Она посмотрела исподлобья вверх, на склоненного к ней Гранатурова, на его знойно-ослепительные крепкие зубы, торопясь, выпустила на пол кошку, сказала с гримасой гадливой неприязни: "Да перестаньте же паясничать!" - и, порывисто запахивая плащ-палатку, вышла в темный коридор, наполненный сонной духотой, бормотанием спящих солдат. Никитин пошел за ней и молча проводил ее до двери, затем по лужайке двора к калитке, мимо неподвижной фигуры часового, окликнувшего сквозь оборванную зевоту: "Лейтенант?" Месяц еще не взошел, лишь стояло маленькое зарево на востоке за парком позади кирхи, просачиваясь меж ветвей сосен, и на улице, безмолвно ночной, тихо осиянной оранжевым переливом брусчатника под теплым заревом, в тени низкой ограды, пахнущей водянистой свежестью сирени, он еще раз предложил:
- Я доведу вас до медсанбата?
- Ни в коем случае. Я дойду одна. Я хочу одна. Ну скажите - кого и чего мне бояться?

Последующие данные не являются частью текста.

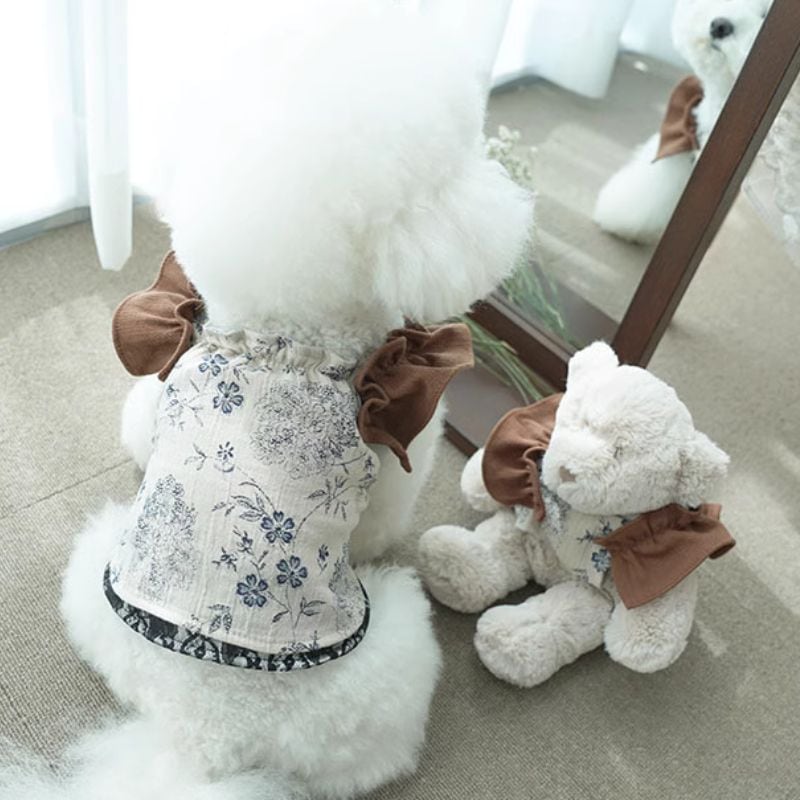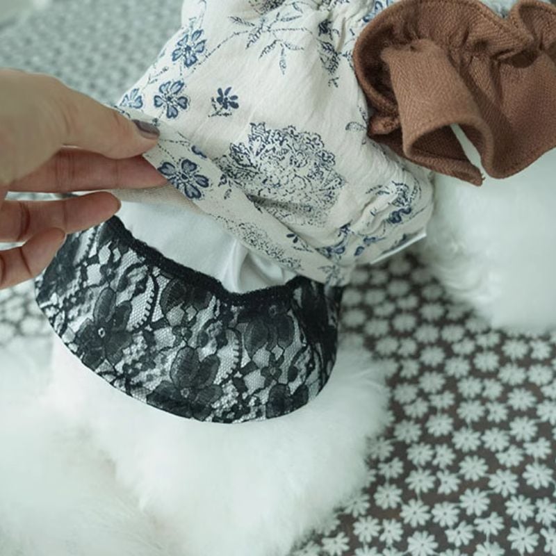 ブラウンフリル袖の大人ワンピース 犬服 00168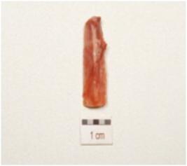 | Description / विवरण | A parallel sided blade made on chert, end struck flake, prepared striking platfrom on proximal end, diffused bulb on ventral surface, sharp cutting edges, use wear marks on cutting edges trapezoidal in section. |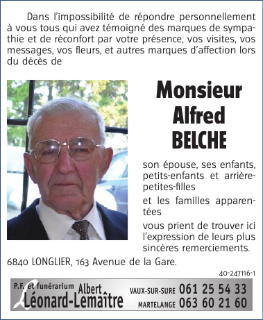Décédé à Neufchâteau (6840) le lundi 11 juillet 2016 à l'âge de 91 ans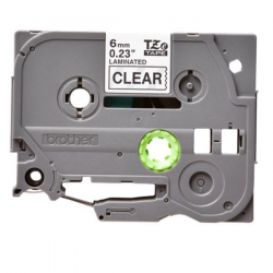 NASTRO DA 6MM NERA SU TRASPARENTE LAMINATO LUNGHEZZA 8 METRI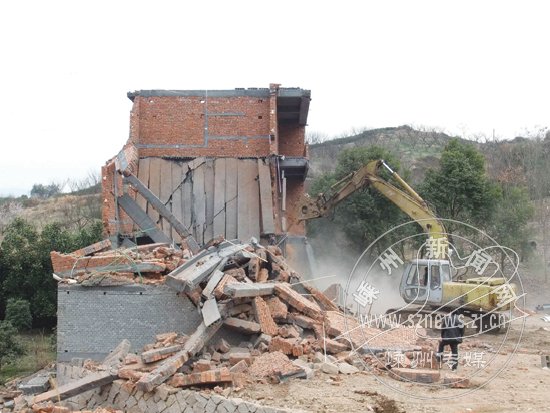 昨日上午10点30分左右,经过施工机械一个多小时的作业,嵊州市瑞意曲轴有限公司最后一幢建筑面积800平方米的三层综合楼,在漫天灰尘中轰然倒下(如图)。至此,全市十起土地违法典型案件之一——嵊州市瑞意曲轴有限公司未经批准非法占用金庭镇华堂村孝康自然村集体土地的违建厂房已被全部拆除。

Она, поворачиваясь, придвинулась к нему, и необычная в этой застывшей тишине ночи близость ее лица, разительность белой щеки и черного крыла волос опять больно напомнили что-то Никитину, то, чего не было, но могло быть, и это "что-то" звенело в нем тоненьким колокольчиком, словно стоял посреди каких-то далеких лунных переулочков с тенями от деревянных заборов, пахнущих впитанным за день теплом, перегретыми солнцем досками и сыростью апрельской земли в подворотнях. Он молчал, справляясь с мучительно-сладкой спазмой в горле, которая мешала ему сказать последнюю фразу: "До свидания, приходите к нам, на Гранатурова не обращайте внимания", - и по отблеску ее белков уловил: она смотрела через его плечо на красновато теплеющий восход месяца за вершинами сосен позади кирхи.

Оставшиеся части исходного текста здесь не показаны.